Luba tries to achieve a new sense of freedom from her immediate surroundings by buying a used car. However, her attempt at freedom from the Ukrainian community only results in a closer connection to it. Since she owns a car, the people in the Ukrainian Village come to rely on her for rides. Luba ends up driving her father to the doctor, driving the widow of a Ukrainian poet to a church banquet in her honor, and giving her friends from the community rides to school.
In the end, Luba comes to terms with her dual identity as a Ukrainian American, learning to be both Ukrainian and American. In the course of her narrative, Luba also provides a portrait of life in an urban Ukrainian American community in the 1960s, when World War II refugees were still relatively recent immigrants.
Like the character Luba, Irene Zabytko is a first-generation Ukrainian American from the Ukrainian Village in Chicago. For her writing, she has received the PEN Syndicated Fiction Award and has appeared on National Public Radio's "The Sound of Writing."
Ms. Zabytko is also the author of "The Sky Unwashed," a novel about elderly Ukrainian women who moved back into their homes near the Chornobyl power plant not long after the disastrous explosion. "The Sky Unwashed" was a Barnes & Noble Discover Great New Writers title, a Book Sense 76 selection and a New England Booksellers Association Discovery selection.
The book was recently reviewed in the Chicago Tribune. Writing in the paper's May 25 issue, Julie Parson-Nesbitt noted that "Irene Zabytko brings this place [the Ukrainian Village section of Chicago] and time vividly to life with insight, affection and humor" and that she "provides an engaging and perceptive look into a community rarely portrayed in American literature."
The reviewer also wrote that Ms. Zabytko "has a gift for bringing her characters to life by showing their weaknesses" and "has a sharp ear for language." Ms.
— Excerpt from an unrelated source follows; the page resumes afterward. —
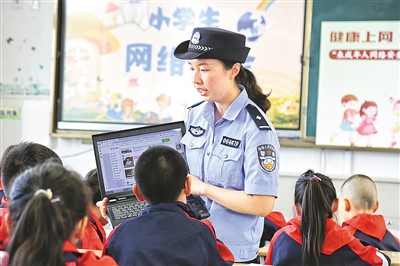 6月13日,江蘇省海安市公安局墩頭派出所民警走進(jìn)轄區(qū)小學(xué),開展未成年人預(yù)防網(wǎng)絡(luò)沉迷和網(wǎng)絡(luò)陷阱的安全教育,引導(dǎo)鄉(xiāng)村兒童樹立正確的上網(wǎng)觀,做到文明健康上網(wǎng),增強(qiáng)網(wǎng)絡(luò)安全意識。周 強(qiáng)攝(人民視覺)

Parson-Nesbitt added that "Chicago readers will catch the in jokes and sly references: Western Avenue becomes Eastern Avenue, and the University of Illinois at Chicago is thinly disguised as Loop University."
" 'When Luba Leaves Home' adds to the enduring literature of American immigrant stories told through the compelling voices of its crucial first-generation daughters," the review concludes.